Prediction market platform Kalshi has been allowed to offer margin trading to professional clients, a move intended to make its platform more attractive to institutional investors.
The license, granted to Kinetic Markets, a subsidiary of Kalshi, allows it to operate as a commission trader of futures contracts, according to a deposit with the National Futures Association.
Before margin trading goes live, the company still needs approval from the Commodity Futures Trading Commission (CFTC) for rule changes that would allow trading without full collateral up front.
Margin trading allows investors to open positions with less initial capital, a common practice in traditional markets but new to regulated forecasting markets. Competitors, which include crypto-native prediction markets like Polymarket, do not offer margin trading and instead operate with fully collateralized positions.

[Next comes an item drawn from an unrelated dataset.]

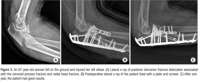 尺骨は肘頭プレートという金属製の板をあてがって整復固定しています.

Prediction markets allow users to bet on the outcomes of real-world events, ranging from elections to the release of economic data. These have seen trading volumes explode in recent months, while faced with a legal refusal state regulators who argue that some event contracts constitute unlicensed gambling.
Yet prediction markets have continued to grow. Earlier this month, Kalshi raised over a billion dollars in a funding round that valued the prediction market at $22 billion.
Meanwhile, the Intercontinental Exchange, owner of the New York Stock Exchange, has doubled its investment in rival prediction market Polymarket, bringing its total commitment to nearly $2 billion.
Kalshi’s margin functionality is expected to debut only for institutional clients and could be rolled out first for new products rather than core event contracts.